We report the case of severe liver toxicity with jaundice during radiochemotherapy with temozolomide likely due to interaction with a popular Chinese herbal formula after surgery for glioblastoma. After cessation of the herbal formula as well as the chemotherapy liver enzymes slowly normalized. Due to tumor progression the patient was retreated with temozolomide for 5 cycles without toxicity. Because of further progression combination treatment of bevacizumab and irinotecan was started and again no liver toxicity was observed.
We conclude that the observed toxicity with jaundice was probably caused by an interaction of this popular Chinese formula and temozolomide. This is the first report about a relevant interaction of temozolomide and any herbal formula.

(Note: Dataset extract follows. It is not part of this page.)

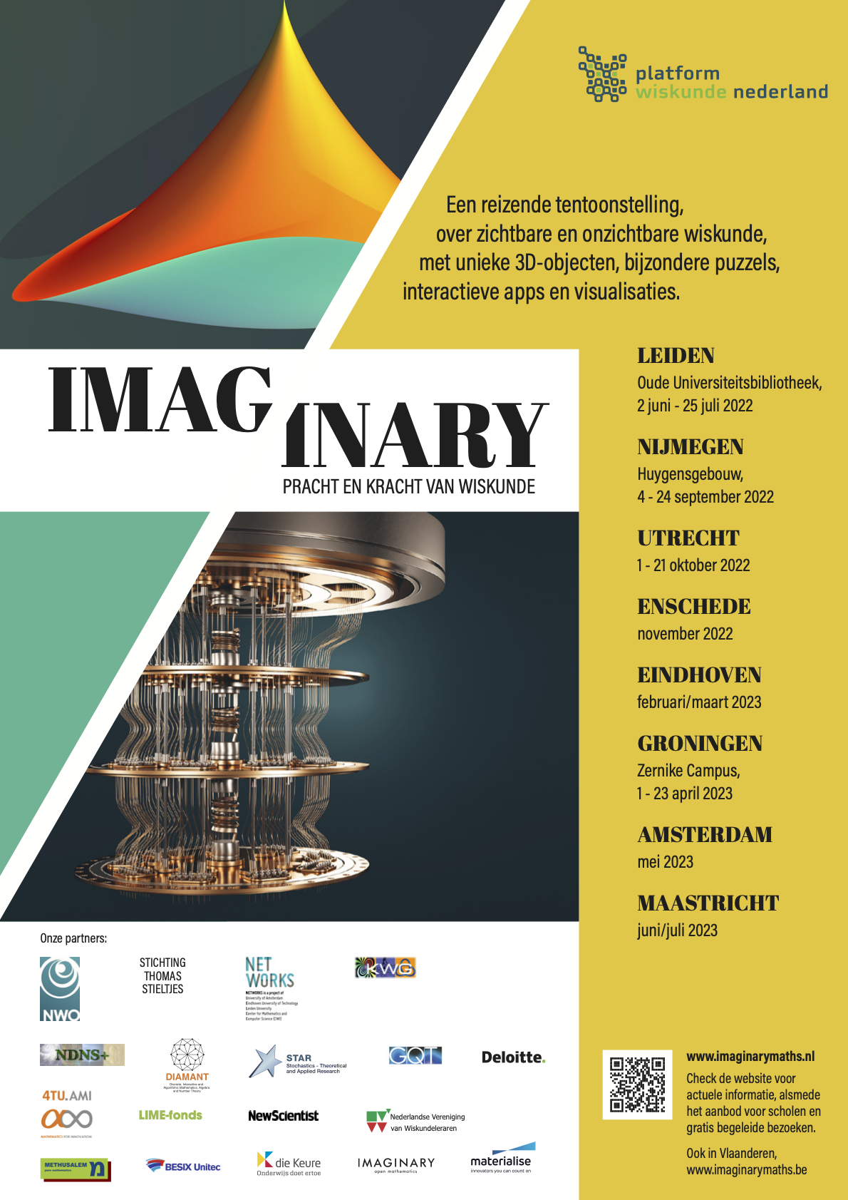 Van 1 tot 21 oktober is er de tentoonstelling Imaginary te bezoeken in de hal van het Minnaertgebouw. Dit is een rondreizende tentoonstelling, die de komende tijd in Utrecht zal zijn! De tentoonstelling gaat over zichtbare en onzichtbare wiskunde. De volgende lezingen zullen gegeven worden: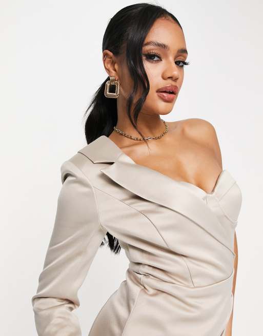Lavish Alice one shoulder satin mini blazer dress in champagne Very well made.

KeywordsTemozolomide Chinese herbs Interaction Liver toxicity Hepatitis
Complementary and alternative medicine (CAM) is frequently used by glioblastoma patients  but treating physicians are often left uninformed about its use. These patients are potentially at increased risk for herb-drug interactions resulting in increased toxicity due to higher serum levels of cytostatics on the one hand or undertreatment due to decreased efficacy caused by lower serum levels on the other hand.
A 56 year old female Caucasian patient was diagnosed with a temporal-parietal glioblastoma WHO IV° after further evaluation for cephalea. Complete resection was performed using 5-aminolevulinic acid guided surgery and postoperative magnetic resonance investigation showed a small rest tumor. The patient had a Karnofsky performance status scale of 90% after resection without neurological deficiencies and was referred to our department for further treatment with radiotherapy and temozolomide (TEM). Co-medication consisted of dexamethason 4 mg per day because of edema, pantoprazol, levetiracetam and mirtazapine because of depression. Further medical history consisted of hypertension and recurrent cutaneous herpes infections. Adjuvant concomitant radiochemotherapy (RCT) was started with an absolute dose of 140 mg TEM per day 4 weeks after primary resection. Furthermore, prophylactic valaciclovir was prescribed. Treatment was initially well tolerated and the steroid was tampered. Unfortunately, TEM had to be stopped after 32 days of treatment and 24 fractions of radiotherapy because of grade II° thrombopenia and increasing liver enzymes. Mirtazapine, valaciclovir and pantoprazol were paused and radiotherapy was completed as planned after 30 fractions. Because of further increasing liver enzymes and jaundice (bilirubin: 16.7 mg/dl; AST: 263 U/l; ALT: 585 U/l) the patient was hospitalized and underwent further evaluation including exclusion of viral hepatitis, Epstein-Barr virus or cytomegalovirus-infection, computed tomography scan as well as autoantibody screening to exclude an autoimmune hepatitis. Endoscopic retrograde endoscopy excluded pathology of the biliary or pancreatic ductal system. A negative herpes polymerase chain reaction ruled out systemic herpes infection and levetiracetam was reduced in the absence of seizures with the intention to reduce co-medications.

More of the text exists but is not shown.